For sessions that need to persist longer context, you can periodically summarize old turns:

async function summarizeOldTurns(messages) {
  const toSummarize = messages.slice(1, -10); // Keep system + last 10
  const recent = messages.slice(-10);

  if (toSummarize.length < 6) return messages; // Not worth summarizing yet

  const summaryResponse = await client.chat.completions.create({
    model: "llama-4-scout", // Cheaper model for summarization
    messages: [
      {
        role: "user",
        content: `Summarize this conversation in 3-4 sentences:\n\n${toSummarize
          .map((m) => `${m.role}: ${m.content}`)
          .join("\n")}`,
      },
    ],
  });

  const summary = summaryResponse.choices[0].message.content;

  return [
    messages[0], // system
    { role: "system", content: `Earlier conversation summary: ${summary}` },
    ...recent,
  ];
}

This approach costs one extra API call every N turns but keeps context manageable for hour-long sessions.

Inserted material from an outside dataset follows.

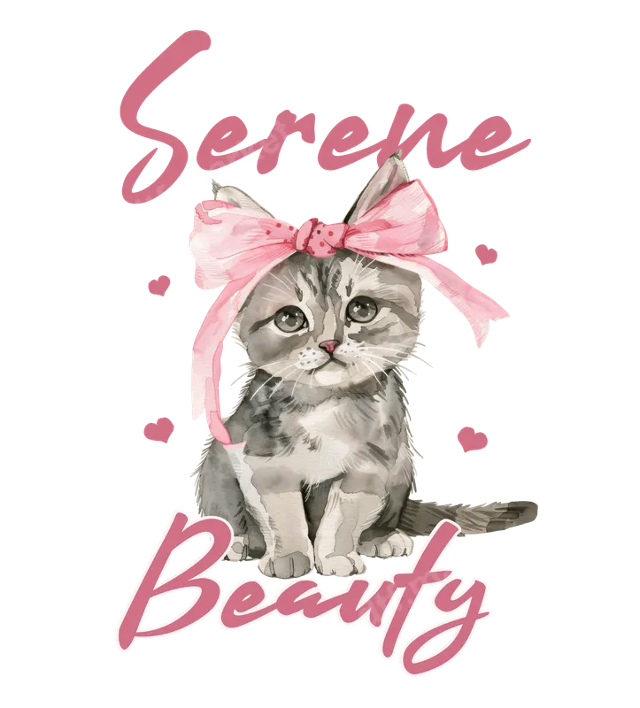 See allThis charming DTF transfer features an exquisitely rendered watercolor kitten, adorned with a sweet pink bow. Above and below the adorable feline, the elegant script text "Serene Beauty" is displayed in a matching soft pink, complemented by delicate floating hearts. This ready to press design captures a gentle and loving aesthetic, perfect for those who appreciate cute and artistic expressions. It’s an ideal way to add a touch of adorable charm to any garment or accessory. This versatile heat transfer is designed for cat enthusiasts, pet owners, and anyone who adores cute animals. It makes a delightful gift for birthdays, Mother's Day, or simply as a thoughtful gesture for a friend. Perfect for creating custom apparel for everyday wear, themed events, or even as a special touch for a child's wardrobe. Imagine this design on a cozy hoodie for a relaxed day or on a tote bag for a pet store visit. Our direct to film transfer technology ensures effortless application on a wide variety of fabrics, including cotton, polyester, and their blends. For best results, apply with a heat press at 300-325°F for 15 seconds with medium pressure, then cold peel the film. While a heat press is recommended for professional results, this iron on transfer can also be applied with a household iron (firm, even pressure) if careful instructions are followed. No tedious weeding or layering required, making customization quick and easy. Experience superior quality with our premium DTF transfers. Each heat press design boasts vibrant, true-to-life colors that resist cracking and fading, ensuring your customized items look great wash after wash. The finished transfer feels incredibly soft to the touch, seamlessly blending with the fabric without a heavy or rigid feel. Made with professional-grade DTF film and strong adhesive, you can trust in the durability and longevity of your new apparel transfer.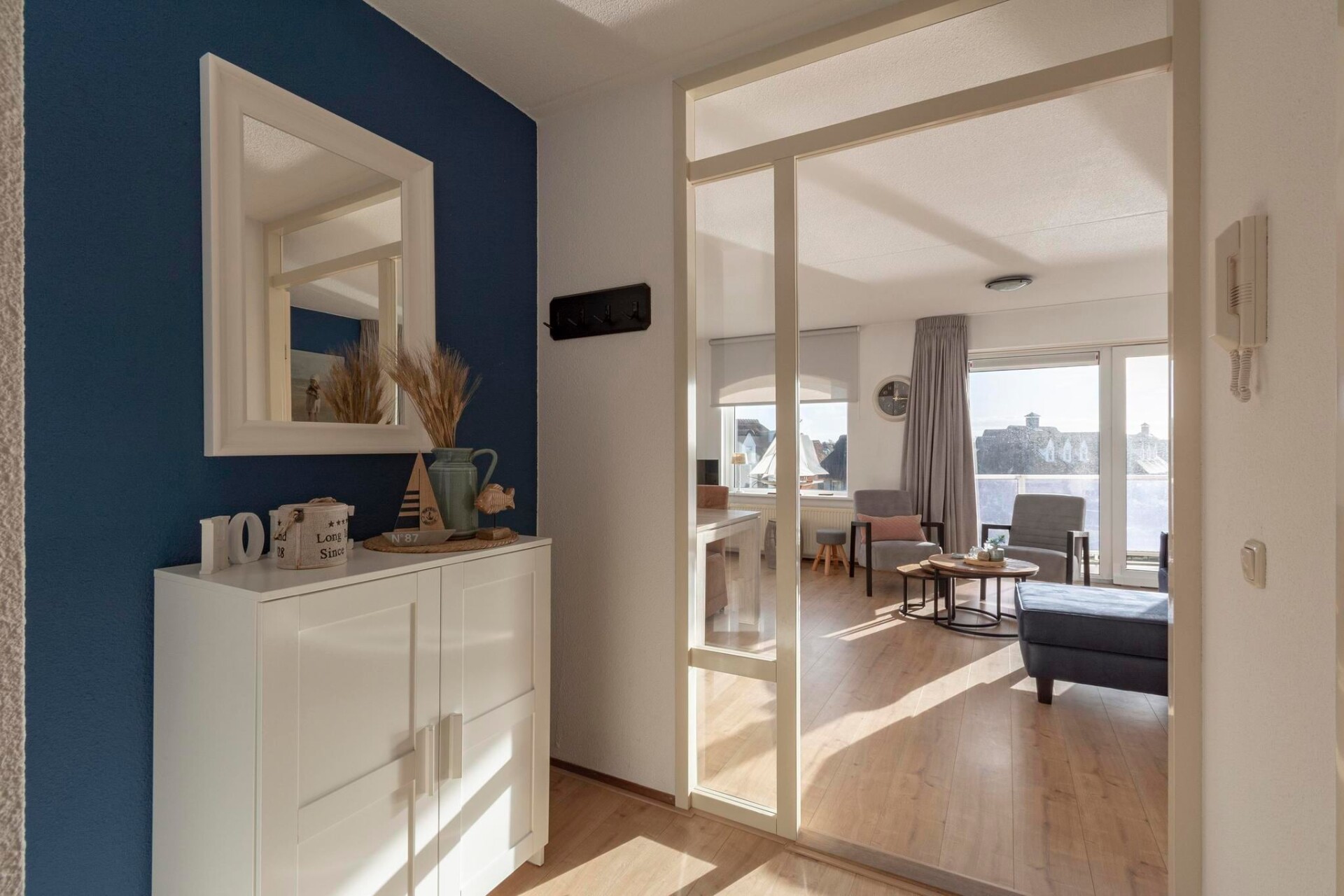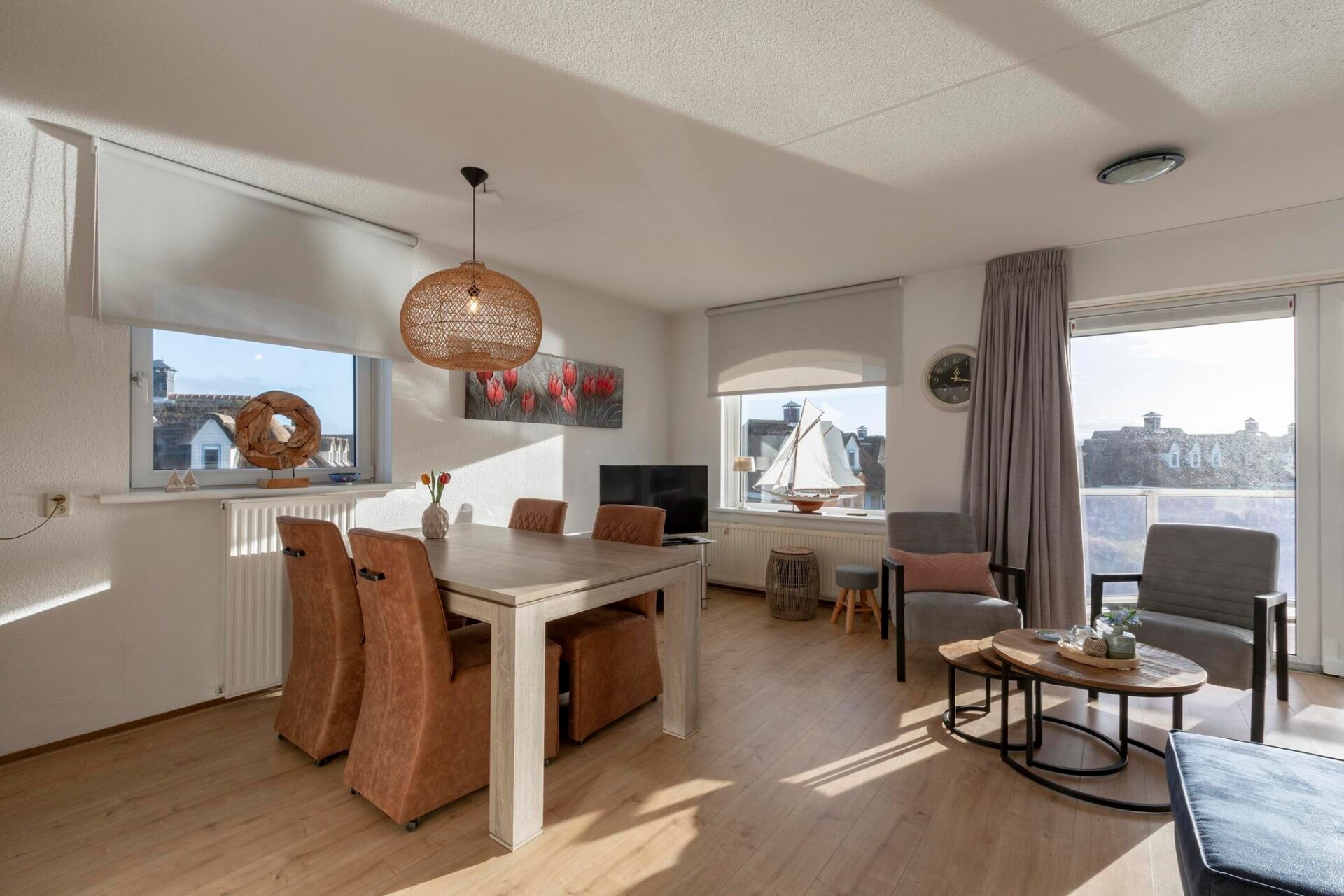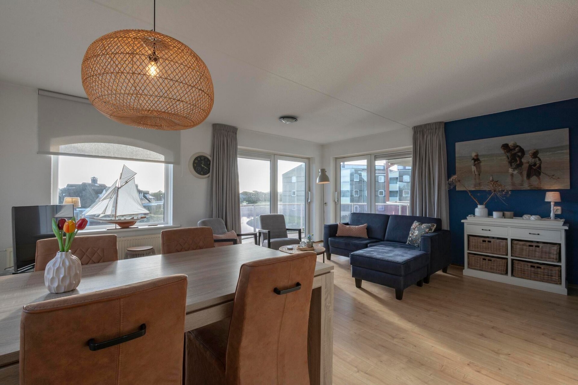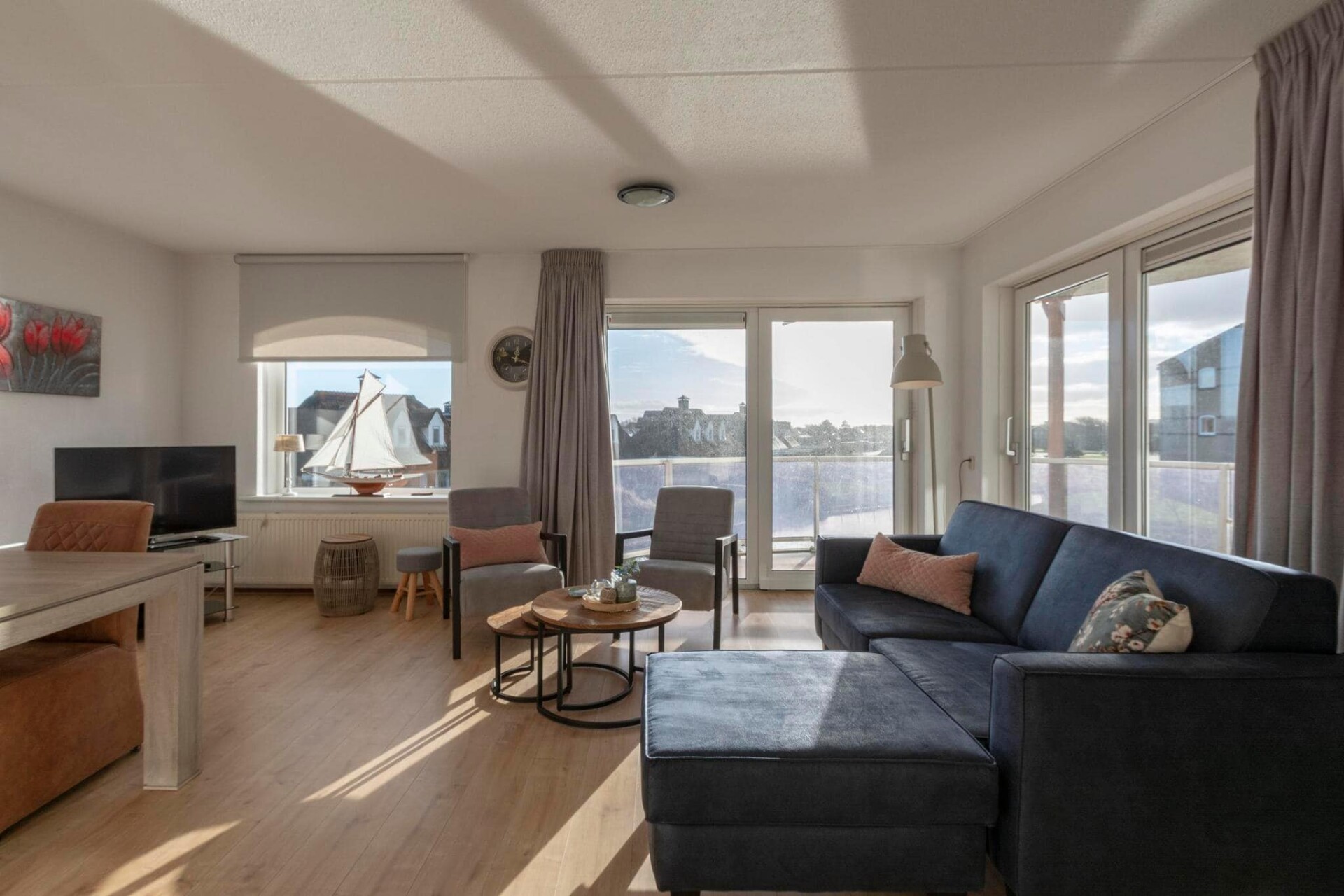 Welkom in een fantastisch appartement, ideaal gelegen op slechts een paar honderd meter van het strand. Deze prachtig ingerichte accommodatie biedt een perfecte mix van comfort en stijl, waardoor het een ideaal toevluchtsoord is voor uw vakantie aan zee. De lichte woonkamer is voorzien van dubbele schuifdeuren die de ruimte overspoelen met natuurlijk licht, waardoor een warme en uitnodigende sfeer ontstaat. Stap naar buiten op het balkon, waar u kunt genieten van een prachtig uitzicht op het water - een perfecte plek voor een kopje koffie in de ochtend of ontspanning in de avond.

Error Handling and Reconnection

Production apps need to handle mid-stream failures gracefully. The server can drop the connection on network hiccups. A simple retry wrapper on the client covers most cases:

async function fetchWithRetry(url, options, maxRetries = 2) {
  for (let attempt = 0; attempt <= maxRetries; attempt++) {
    try {
      const response = await fetch(url, options);
      if (!response.ok) throw new Error(`HTTP ${response.status}`);
      return response;
    } catch (err) {
      if (attempt === maxRetries) throw err;
      await new Promise((r) => setTimeout(r, 500 * (attempt + 1)));
    }
  }
}

On the server side, catch stream errors explicitly and close the SSE connection cleanly rather than leaving it hanging:

req.on("close", () => {
  // Client disconnected -- abort the stream if still running
  stream.controller.abort();
});

Running the App

node server.js

Open http://localhost:3000 in a browser and start chatting. Tokens stream in as they generate.

Choosing a Model

GeneralCompute supports a range of models at different speed/capability trade-offs. For a chat app, a few good options:

| Model | Best for | |---|---| | llama-4-maverick | General chat, good balance of quality and speed | | llama-4-scout | Faster responses, lower cost, great for lighter tasks | | qwen3-coder | Technical or coding-heavy conversations |

Swap the model string in the server to try different ones without touching anything else.

What to Build Next

This example covers the core loop. A few natural extensions:

Persistence: Store history in Redis or a database so conversations survive page reloads
Streaming to multiple clients: Use a message bus to fan a single inference stream to multiple WebSocket connections
Tool calling: Add function definitions to the messages array and handle tool_calls deltas in the stream loop
Rate limiting: Add per-user request throttling before deploying publicly

If you're building something production-ready, GeneralCompute's API docs cover the full completions API, available models, and rate limits. The API key that works in this example is the same one you'd use in any OpenAI SDK integration.